Girth height: not measured

Tree sex: unspecified

Date of visit: No data

Source of earliest mention: No data

Notes:

An item in the Birmingham Mail on 24th March alerted us to the felling of a ‘500-year-old tree’ on the instructions of the Birmingham and Solihull Mental Health Trust. An investigation is being sought as to ‘why one of Birmingham’s oldest tree has been hacked down. The tree has been reduced to a tangled stump in the grounds of Uffculme House in Kings Heath after health bosses feared it posed a safety hazard. A survey revealed it was suffering ‘significant decay’ so Birmingham and Solihull Mental Health Trust ordered that it be axed.

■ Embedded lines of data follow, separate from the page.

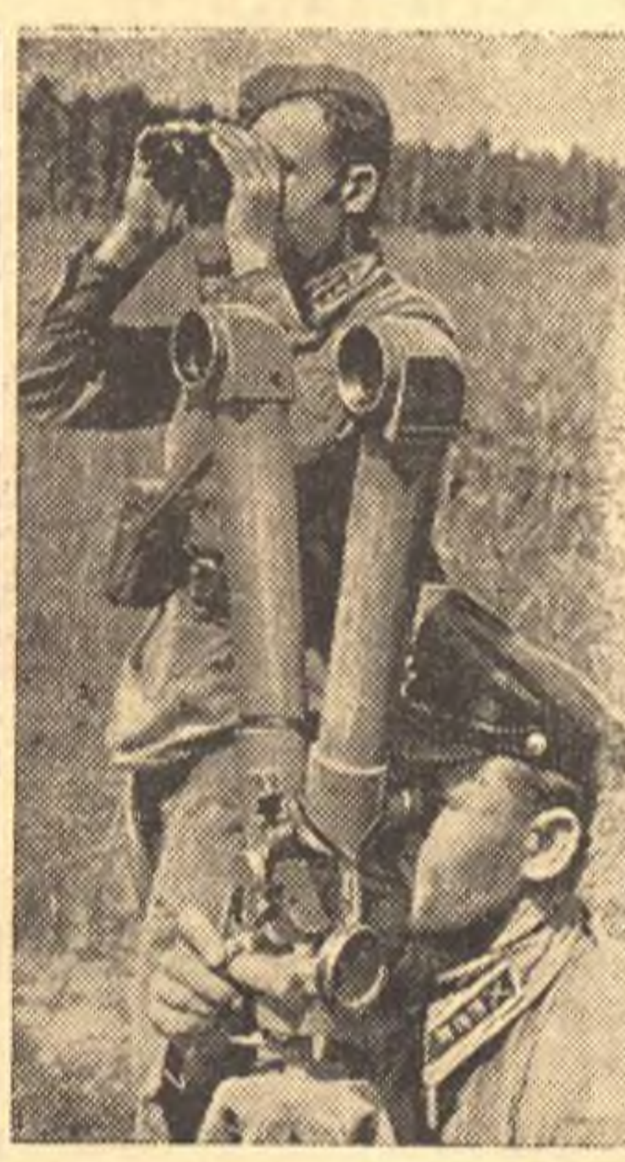
В артиллерийских частях Московского военного округа началась подготовка к Всесоюзному дню железнодорожного транспорта. На снимке: командант наблюдательного пункта во время боевых стрельб.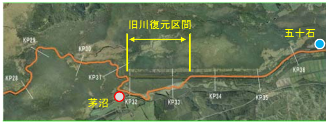
図2 流量・浮遊砂量観測地点位置図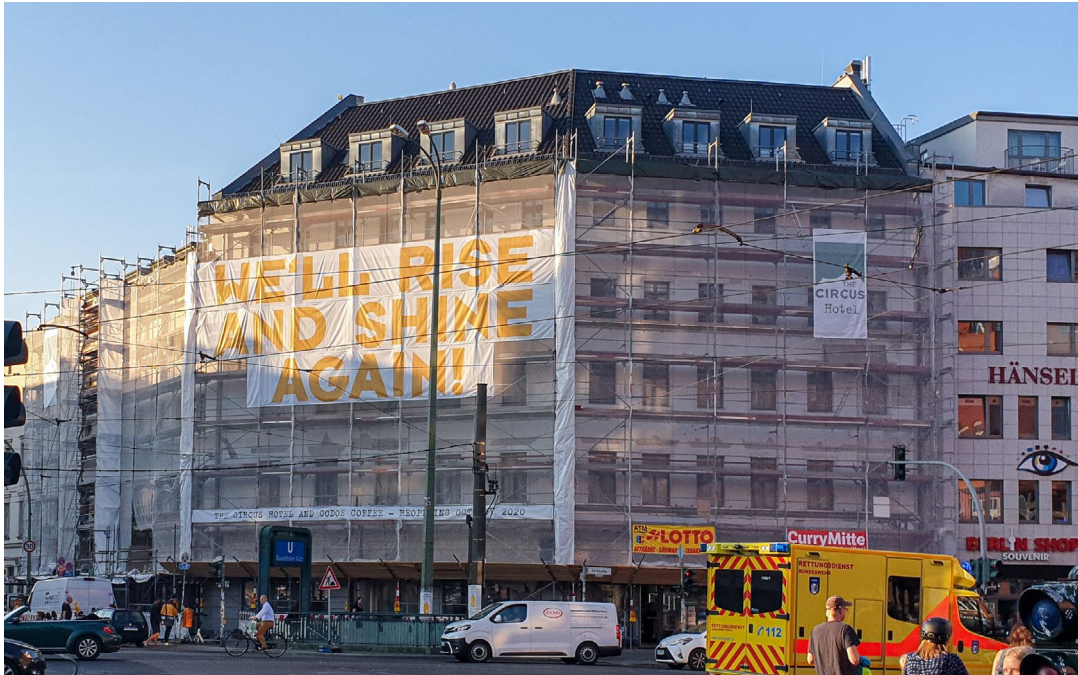
Das Hotel „The Circus“ in Berlin

Die Krise als Chance nutzen: Das haben sich die Betreiber des renommierten Hotels The Circus im Herzen Berlins vorgenommen und haben ihm ein komplett neues Gewand verliehen. Die insgesamt fünf Etagen wurden von Grund auf saniert und modernisiert. Alle Zimmer und Räumlichkeiten im Erdgeschoss wurden umgestaltet, ein neues gastronomisches Konzept umgesetzt und die Klima- und Heizungsanlage ausgetauscht. Gerade der letzte Punkt war eine große Herausforderung, denn der Zeitrahmen für die Sanierung war denkbar knapp gewählt: Beginn Anfang September 2020 – Wiedereröffnung am 01. Dezember 2020. Durch das flexible, schnell und einfach zu verarbeitende neue Kühl- und Heizsystem für die Decke von ArgillaTherm konnte die Installation bereits Ende Oktober abgeschlossen werden. Seitdem sorgen 700 Quadratmeter Natur-Klimadecken von ArgillaTherm für ein Wohlgefühl bei den Gästen.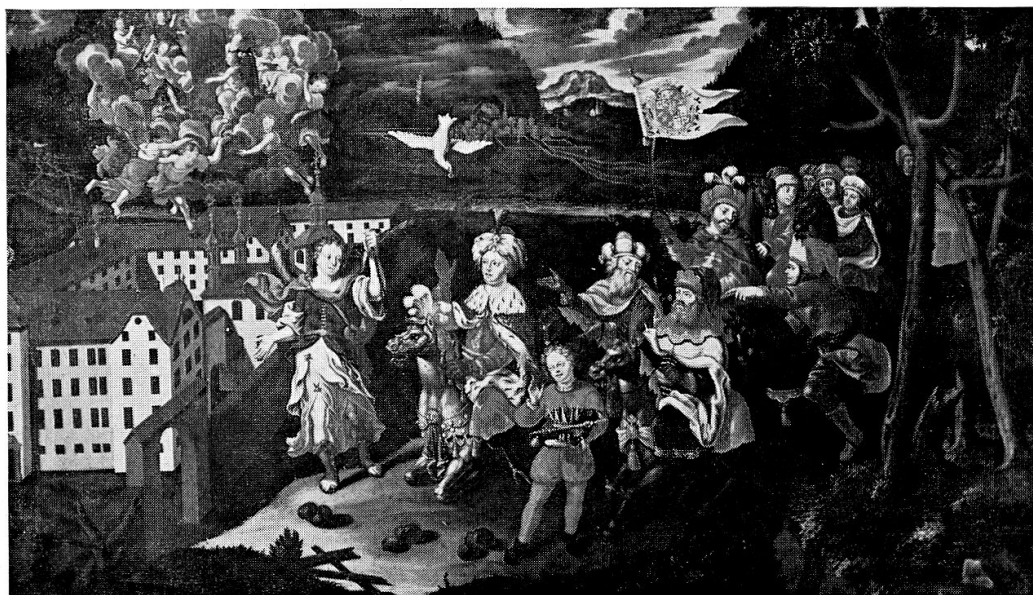
Die Klosterstiftung durch König Balduin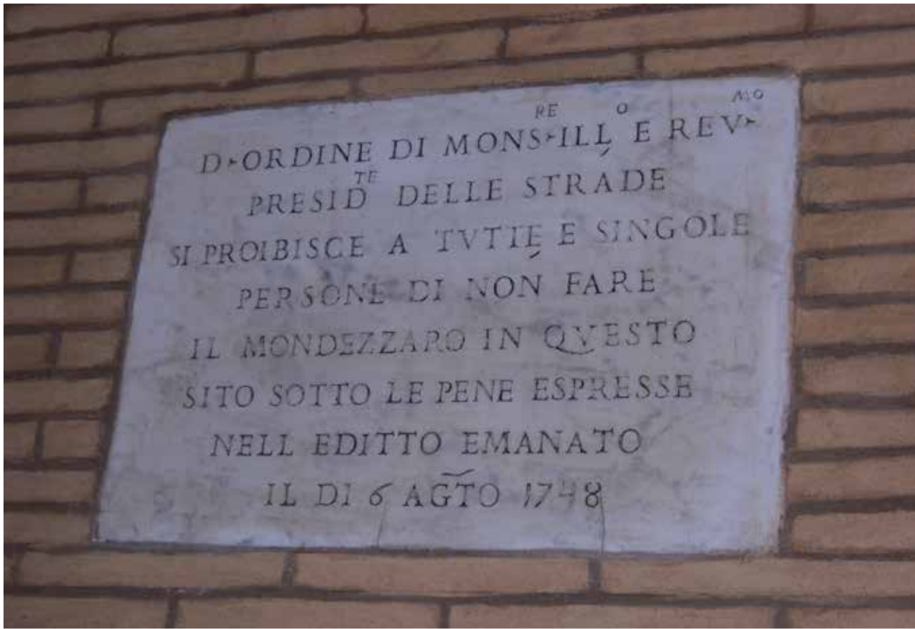
Forse sarebbe il caso di ricominciare ad appendere lapidi simili?

Residents living close to the Queensbridge Road site say they are horrified that the tree has been removed.
Alf Dimmock said he had been approached by angry members of the public. ‘It is possibly the worst case of treeicide I have witnessed,’ he said. ‘From a personal point of view I find it very sad. The tree was very much part of the city’s heritage and is a terrible loss to the people of Birmingham’. He said on social media that the tree could be at least 500 years old and he has been in touch with experts at the Ancient Yew Group.
The Uffclume building was the former family home of Richard Cadbury, who built it in 1891 and gifted it to the city of Birmingham in 1916 to help further psychiatric health services. Mr Dimmock added: ‘Richard Cadbury had spoken about a yew tree that had been in the grounds for centuries when the building was built in 1891’.
I think the real concern from local people is that there was no consultation about the plans to remove it. Somebody I was speaking to compared the situation to someone going to a doctor with a sore finger and having an arm chopped off. There are alternatives such as lopping and pruning. A spokeswoman for the trust said no preservation order had been attached to the tree nor any others inside the Uffculme House estate. She added that a survey had judged the tree ‘over mature’ and said it had needed to be removed to ensure the safety of staff and visitors’.
March 2019 – Dave Kenny: The final photo, from Google Streetview, shows the yew in March 2019. The stump has been left and there is some new growth. Perhaps it will survive after all.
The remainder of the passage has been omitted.